Это были последние его слова, и, в сущности, разговор на этом и кончился. Я начал подготавливать материалы к составлению устава «Общества взаимопомощи оркестровых артистов». Я выписывал их откуда только мог. Прочитывая Чайковскому, я хотел этим остановить его внимание на каком-нибудь типе общественных учреждений. Но это его не удовлетворяло.
Весной 1892 года он уехал за границу. Для руководства он обещал мне выслать оттуда уставы германских ферейнов.
Я ждал долго, и, однако, посылки не было. Тем временем мне пришлось быть в Петербурге, где я играл в симфоническом оркестре «Аквариума». Оркестром этим в то время дирижировали Каянус и Энгель.
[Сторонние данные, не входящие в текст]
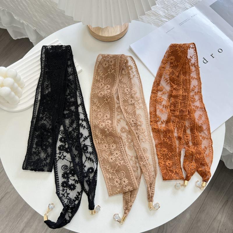 Women's Gentle Parent-Child Daisy Lace Pendant Hair Band Multi-Functional Scarf Silk Scarf Belt Long Thin Narrow Ribbon
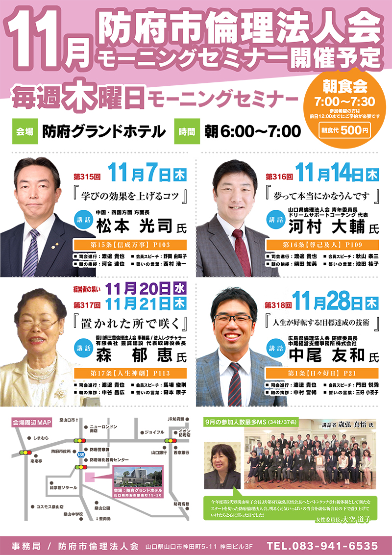 11月 防府市倫理法人会モーニングセミナー開催予定
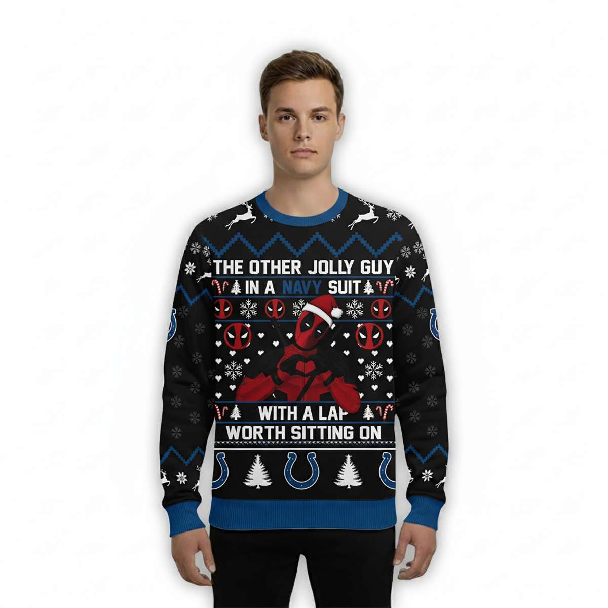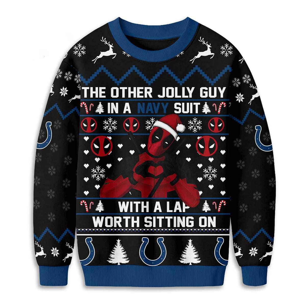 Deadpool’s chaotic charisma meets Colts fandom in this bold sweater, where the phrase “The Other Jolly Guy in a Navy Suit” flips tradition with a wink. His heart-shaped gesture and Santa hat add playful contrast to the team’s competitive spirit.
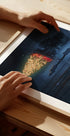 Une nuit d'hiver tranquille dans des tons bleu profond : une forêt enneigée, un lac forestier semblable à un miroir et un sapin de Noël brillant dont la lumière se reflète dans l'eau. Sur le rivage, une jeune fille se tient debout, pensive et calme. L'espoir de Noël de Terry F capture la magie, l'espoir et le calme douillet qui accompagne la lueur étoilée de Noël. Parfait pour apporter chaleur et rêverie dans l’obscurité hivernale.

В вечер, посвященный исключительно произведениям русских композиторов, г. Энгель поставил сюиту Чайковского из балета «Щелкунчик». В Петербурге, по крайней мере, она исполнялась тогда впервые. И каково было мое изумление, когда я увидал в зале Чайковского, нарочно приехавшего послушать свое произведение. В антракте я бросился в зал, но в дверях столкнулся с композитором.
– Ба! – воскликнул он. – Как я рад…
Мы вышли в сад и незаметно удалились в одну из глухих его аллеек.
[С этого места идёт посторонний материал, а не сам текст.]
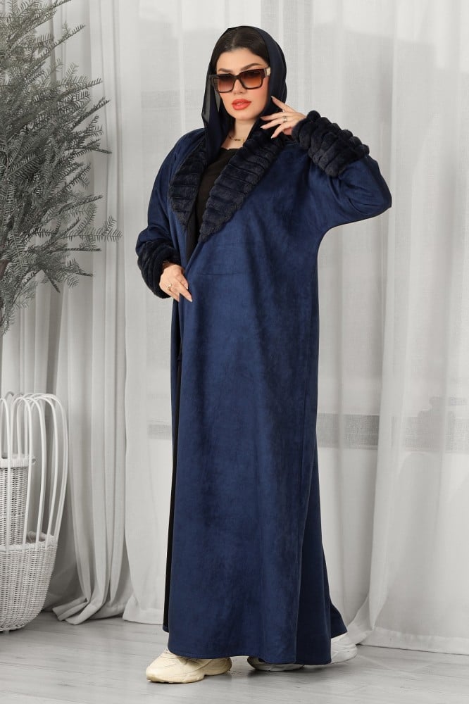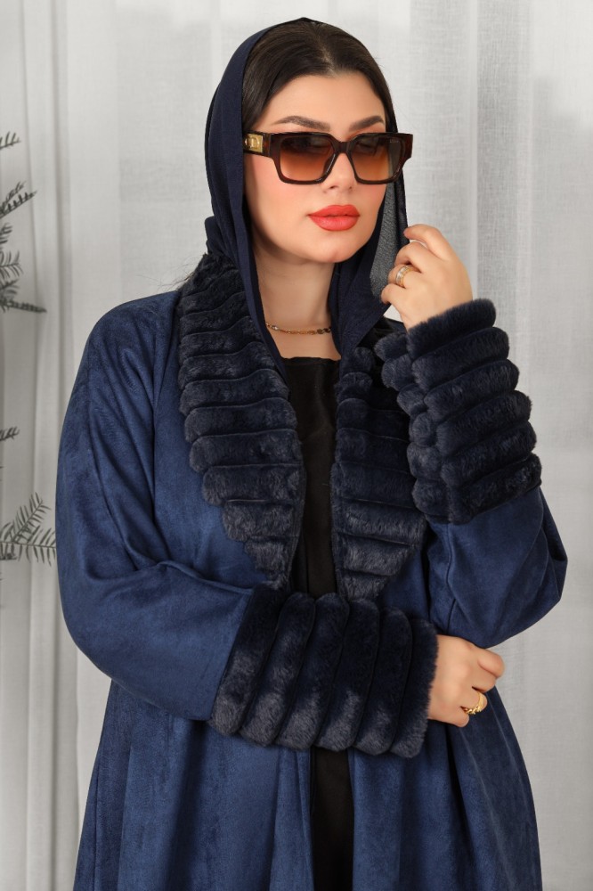 - تُصنع هذه العباية من قماش الشامواه الناعم، وتتميز بتفاصيل فاخرة من فرو كحلي في القلاب والكم. يُضفي هذا الفرو لمسة من الفخامة والراحة على البشرة، مما يجعلها مثالية للاستمتاع بالدفء في الأيام الباردة.

– Пожалуйста, не вините меня. Уставы я искал, но толку из этого не вышло. Я думаю, придется отложить до осени.
Я успокоил его, как мог, и сказал, что к разработке устава приступил самостоятельно, без позаимствований. Пока мы успели кое о чем перекинуться [словами], раздался звонок. Я торопился идти в оркестр, и мы расстались.
Чайковский пробился сквозь густую стену стоявшей публики и встал в уголке. Но подошел Н. А. Римский-Корсаков и увел его в ряды кресел. «Щелкунчик» до того понравился слушателям, что оркестру пришлось повторять чуть ли не каждый номер этой сюиты. Когда она кончилась, Чайковский быстро встал, направляясь к выходу. Ему загородили дорогу и умышленно не пускали к двери. Кто-то крикнул: «Автора!»
– Автора, автора! На эстраду! – кричали сотни голосов.
Человека четыре подхватили Чайковского под руки и буквально поволокли к эстраде. Оторопевший, сконфузившийся, он начал откланиваться, и в зале поднялся невообразимый шум, крик, особенно когда оркестр заиграл туш. Дамы вырывали из своих петличек цветы и бросали их Чайковскому. Когда овации немного ослабли, Петр Ильич, весь обливаясь потом, тяжело переводя дыхание, пришел в нашу артистическую комнату. Он поблагодарил артистов за хорошее исполнение и, переходя от одного к другому, со всеми перецеловался.
После этого мы прошли опять в сад. Публика и тут начала ему рукоплескать. Растерявшись совсем, Чайковский опрометью бросился к дверям главного выхода, вскочил на извозчика и скрылся.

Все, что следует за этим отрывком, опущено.